*** Block opens ***
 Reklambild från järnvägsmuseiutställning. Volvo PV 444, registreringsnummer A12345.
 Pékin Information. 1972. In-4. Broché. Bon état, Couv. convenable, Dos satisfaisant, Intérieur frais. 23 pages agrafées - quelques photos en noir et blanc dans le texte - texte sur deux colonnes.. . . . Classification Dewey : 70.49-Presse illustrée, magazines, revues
*** Block closes ***
*** Block opens ***
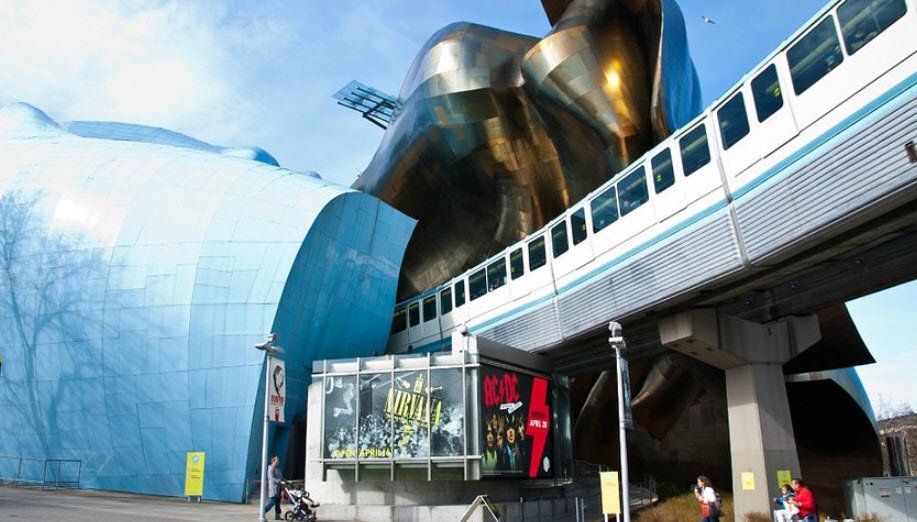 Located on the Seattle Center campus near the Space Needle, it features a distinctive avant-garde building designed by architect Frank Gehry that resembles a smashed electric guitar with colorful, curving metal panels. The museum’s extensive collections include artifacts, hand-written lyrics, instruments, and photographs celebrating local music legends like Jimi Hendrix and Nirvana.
*** Block closes ***
*** Block opens ***
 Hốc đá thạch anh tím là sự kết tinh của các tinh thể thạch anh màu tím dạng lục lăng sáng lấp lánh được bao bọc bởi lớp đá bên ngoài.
*** Block closes ***
INSTRUCTIONS FOR THE TASK >>
There is a run of lines above from the one with "Reklambild från järnvägsmuseiutställning." to the one with "Pékin Information. 1972."; print exactly that run, both ends included, and nothing else.

EXERCISE RESPONSE >>
 Reklambild från järnvägsmuseiutställning. Volvo PV 444, registreringsnummer A12345.
 Pékin Information. 1972. In-4. Broché. Bon état, Couv. convenable, Dos satisfaisant, Intérieur frais. 23 pages agrafées - quelques photos en noir et blanc dans le texte - texte sur deux colonnes.. . . . Classification Dewey : 70.49-Presse illustrée, magazines, revues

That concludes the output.